Analysis of practical cancer mutation data
The results of GBM mutation data
Included in the input
As shown in Table2, the NetHiKe results do not include several famous key players in glioblastoma biology, such as EGFR, SRC and TP53. However, the nodes with fewer edges than those above that are included also have implications in glioblastoma biology. PTK2 (also known as FAK: focal-adhesion kinase), which is the top-ranked gene in Table2, is a non-receptor tyrosine kinase protein that serves as a major mediator of cell migration, and the suppression of PTK2 phosphorylation inhibits glioma cell migration. PTK2 is also gaining attention as a drug target in cancer therapy; for example, a kinase inhibitor of PTK2 has been developed in ovarian cancer. Clinical studies on pancreatic cancer and neuroblastoma, which is the most common childhood brain cancer, are also under way. PXN (also known as Paxillin), which is one of the hidden key molecules (Table2), is known to be a downstream target of PTK2. Additionally, the PTK2(FAK)-signaling pathway, which is formed by these genes, has been shown to be upstream of AKT-signaling in promoting malignant behaviors of high-grade gliomas. BCAR1 (also known as p130Cas), which is the second most significant key molecule, is also known to be a mediator of growth factor-dependent migration through tyrosine phosphorylation in glioma cells.
Comparison to Hubba
We compared the NetHiKe results with the Hubba results as an existing similar method. Because Hubba cannot manipulate the node weights, we used only the gene names as an input for Hubba with the six different algorithms, as in the ERBB comparison case (see the “Methods” for the details). Additional file7 shows the top 16 genes of the six Hubba methods, which represents the same number of genes found in the NetHiKe results with p<0. 01. There were no overlapping genes between the NetHiKe results and the Hubba results. In contrast, there were several overlapping genes among the six Hubba methods. When we mapped the differentially expressed genes in glioblastoma obtained from TCGA to these results, the genes were distributed across all of the results from both NetHiKe and Hubba. This observation could indicate that the listed genes of both methods are related to glioblastoma biology. For example, MAP2, which was selected by NetHiKe and is differentially expressed in glioma, is known to be one of the neuronal differentiation markers, and its expression level is naturally decreased in brain tumors.

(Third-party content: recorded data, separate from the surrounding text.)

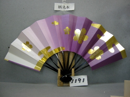 舞扇子 A1191 金箔桜雲 紫横ぼかしシルバー引き 【箱なし】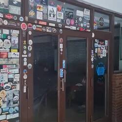 if they don't allow you to stay at the police station, the bloom star hotel is the end point for everyone that makes the crossing, as you can clearly tell by looking at the sticker-filled glass front. the problem is, since the police force you to stay there, the hotel can pump up the prices at will. they charged us a comical amount, and we flat out refused to pay and told them we'd just sleep right in front of the reception. i was already half asleep in the lobby chair, when elias finally managed to haggle them down to an expensive, but somewhat acceptable price and we finally got a couple hours of sleep in.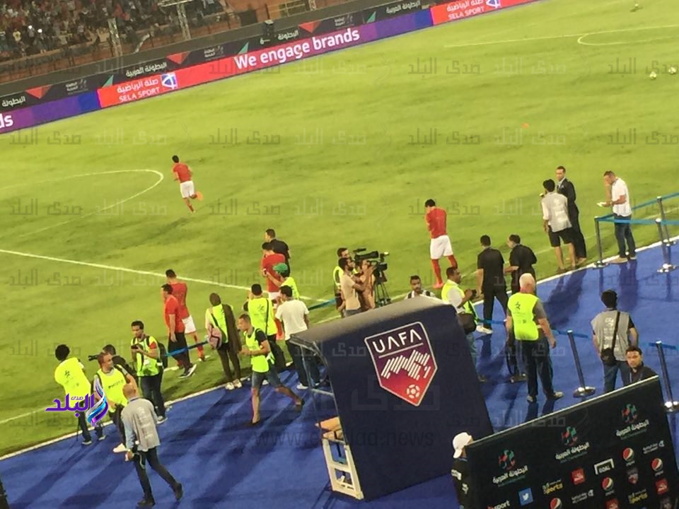 بدأ لاعبو فريق الكرة الأول بالنادي الأهلي عمليات الإحماء قبل مباراة الأهلي والفيصلي الاردني في افتتاحية البطولة العربية للأندية.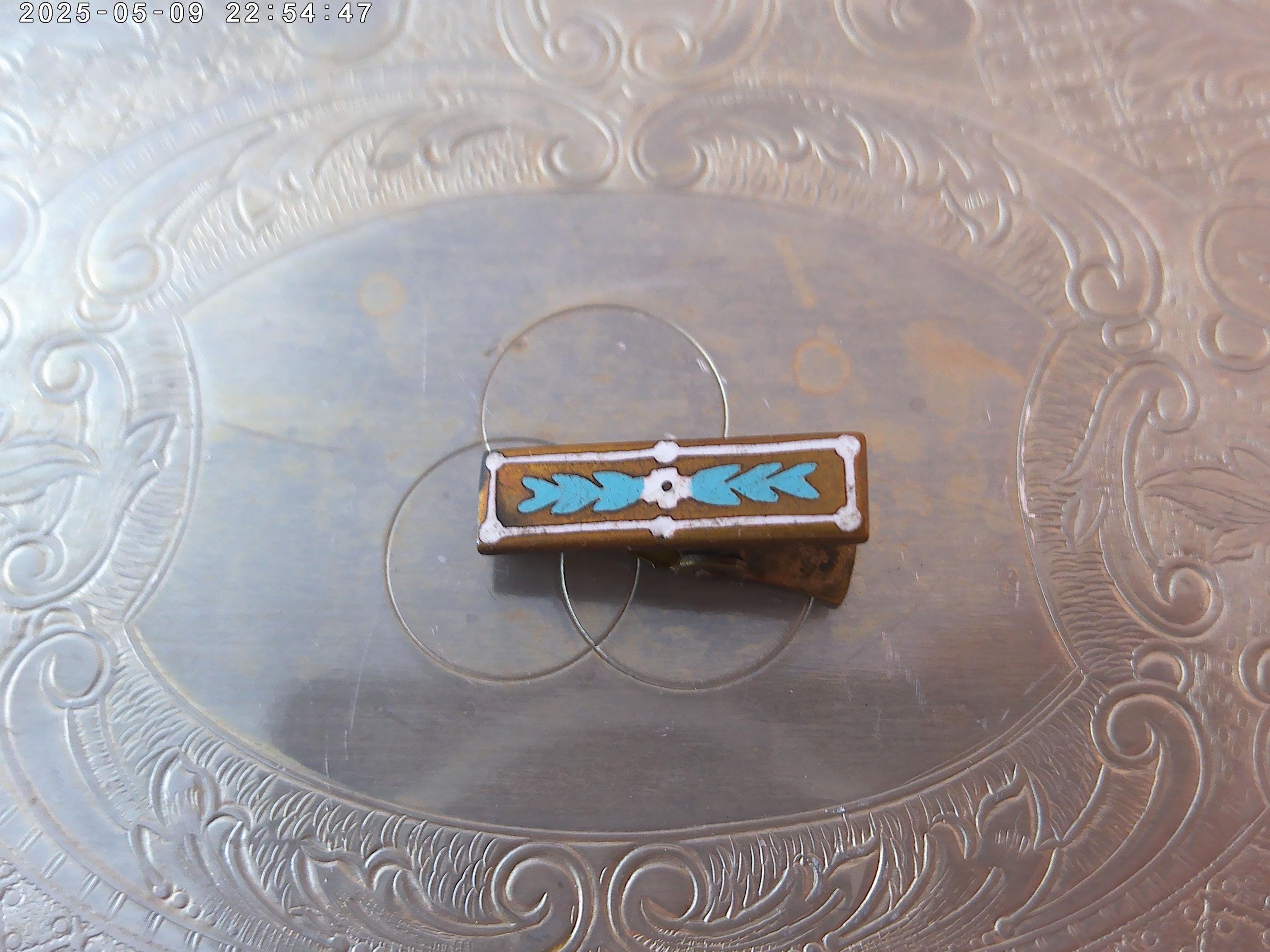 Antique 1920'-30's copper with hand painted flowers clip. unique unisex deco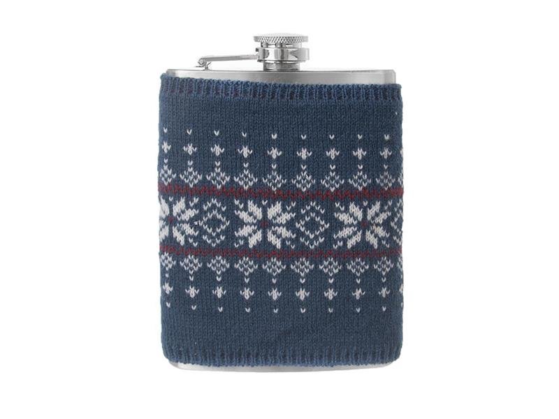 Kapesní lahvička na alkohol – placatka doplněná o pletený svetr se vzorem. Materiál: nerez, akryl. Rozměry: objem 0,24 l, 9,5x2,5x13,5 cm, svetr 10x11 cm. prečítať celé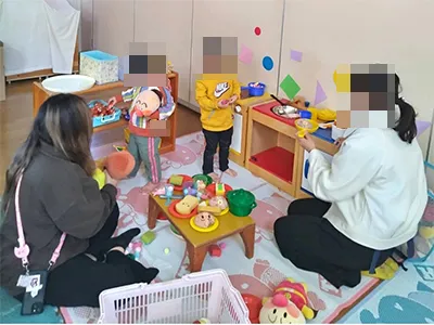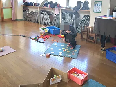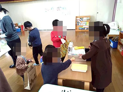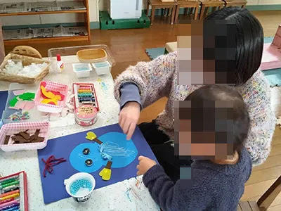 今回は今年度最後のつくしっこくらぶでした。初めは緊張して硬い表情だったお子さん達が、回を重ねるにつれて、幼稚園や保育者に慣れ、自分を出して遊べるようになっていく姿は嬉しいものでした!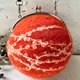 本体は羊毛を広げ球体の型に巻き、お湯と洗剤をかけてビニール手袋をつけて手で擦りフェルト化、本体の生地を制作しています。生地からの制作の為、球体の生地に仕上がっています。
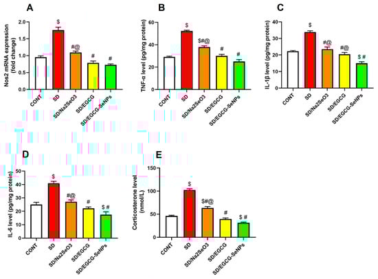 Selenium selenite, EGCG, and EGCG-SeNPs altered (A) NOS2 gene expression, (B) TNF-α, (C) IL-1β, (D) IL-6, and (E) corticosterone in sleep deprivation-subjected rats. In each group, n = 8 and data are represented as mean ± SEM; one way analysis of variance (ANOVA) was performed, followed by Tukey’s multiple comparison post hoc test to evaluate intergroup differences. $ Significant to the normal control group; # significant to sleep deprivation group; @ significant to EGCG-SeNPs.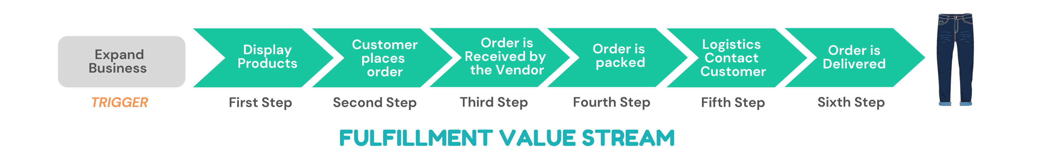 - Fulfillment Value Stream:Consists of the steps necessary to fulfill a customer’s request. An example of this could be, a customer orders a pair of jeans online and that order is fulfilled by delivering to the customer.
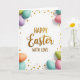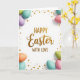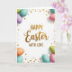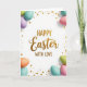 This card features a shimmering gold message centered on a bright white background, giving the page an airy, open look. The wording reads “HAPPY Easter WITH LOVE,” with “HAPPY” and “WITH LOVE” in simple uppercase lettering and “Easter” in a flowing, cursive-style line, all in gold. The gold finish looks lightly textured, like a brushed metallic sheen that catches the light when you tilt it. Around the edges, smooth egg-shaped decorations sit like a gentle frame, their soft pastel colors suggesting a sweet, friendly exchange 🐰. You’ll see shades of lavender, teal, pink, green, and peach, each with a matte look and a faint shadow that adds depth. Scattered across the white space are small, irregular gold dots that resemble confetti, adding a flirty sparkle without crowding the message 🌷. The eggs cluster near the corners and sides, leaving wide white space around the centered gold text and the scattered gold specks.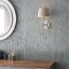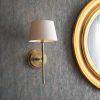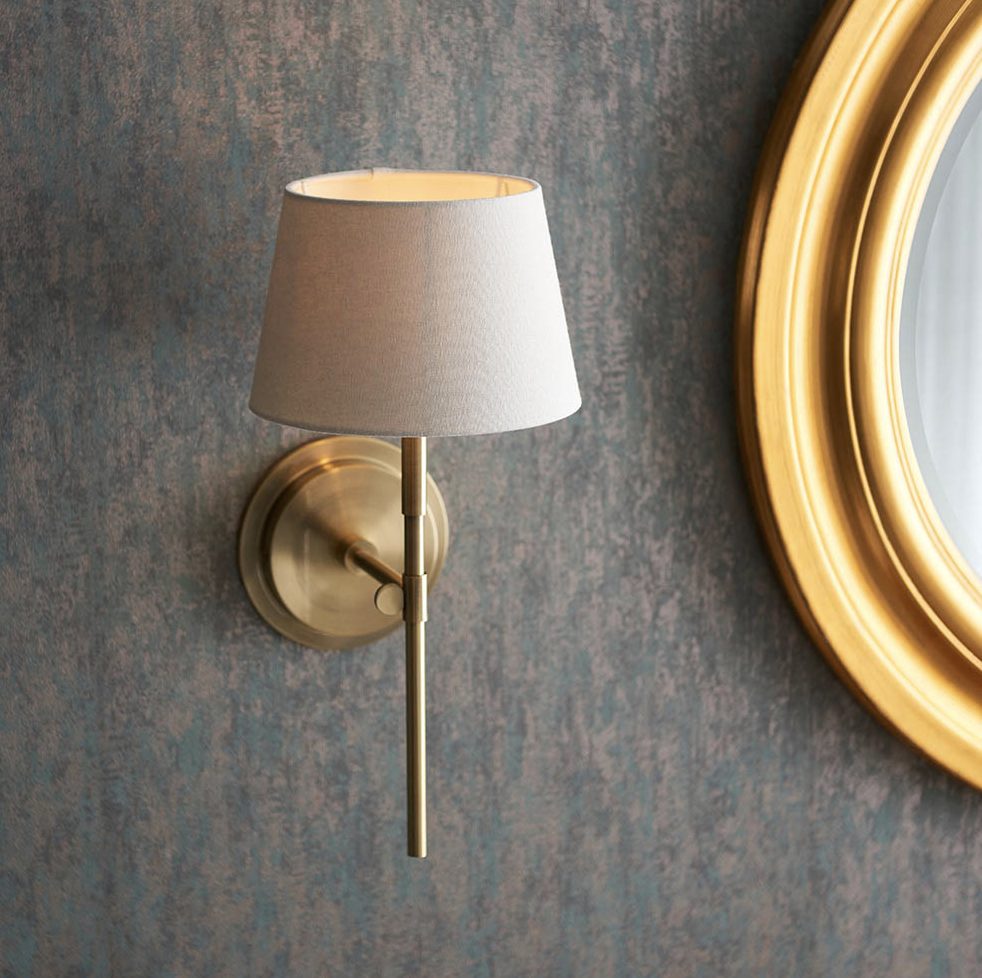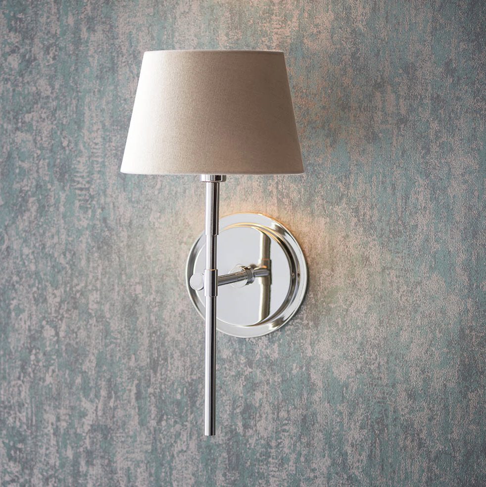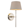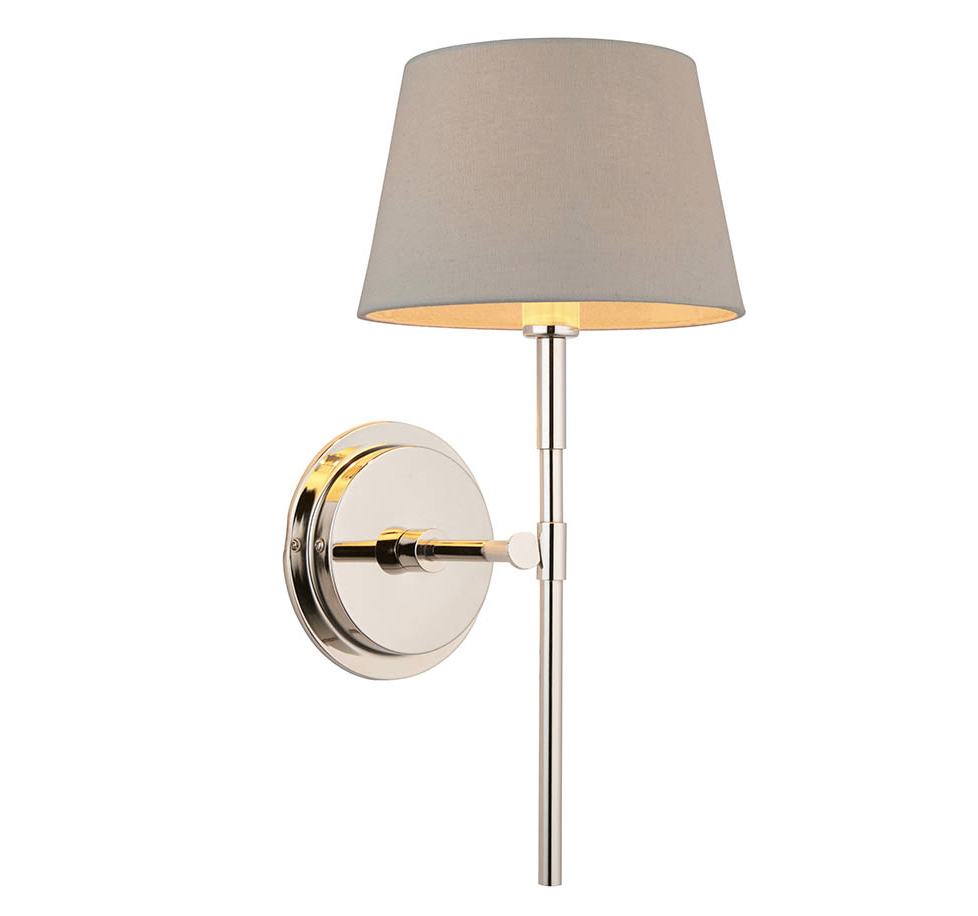 A contemporary take on a classic style in brass or nickel, adorned with an ivory or grey 8 inch tapered fabric shade.

The summary of the Hubba results for GBM data
Therefore, these results show that NetHiKe captures the nodes that are on the periphery of the major hub nodes. We think that this outcome arises because nlBC includes only the shortest paths with both ends in the input nodes. This characteristic reduces the shortest paths that are concentrated on the major hubs with no relationships to the input genes. Consequently, NetHiKe is able to mine the hidden key molecules that have sufficient biological meaning and fewer degrees than the major hub nodes.
We have proposed an analysis method, Network-based Hidden Key Molecule Miner (NetHiKe), which can extract limited numbers of hidden key molecules relevant to genes provided as input, using a human biomolecular network. NetHiKe comprises three steps: mapping the input genes onto the network, a node-limited betweenness centrality (nlBC) calculation, and validation of the statistical significance by simulated p-values. NetHiKe tends to capture the nodes with fewer degrees than major hub nodes, which are usually intensive research targets. We have confirmed that NetHiKe’s outputs contain sufficient biological information and that the input node weights appropriately produce a change in the results based on the biological meanings. Furthermore, with the glioblastoma analysis, we demonstrated that NetHiKe can be used for analyzing practical biology data produced by genome-wide experimental methodologies.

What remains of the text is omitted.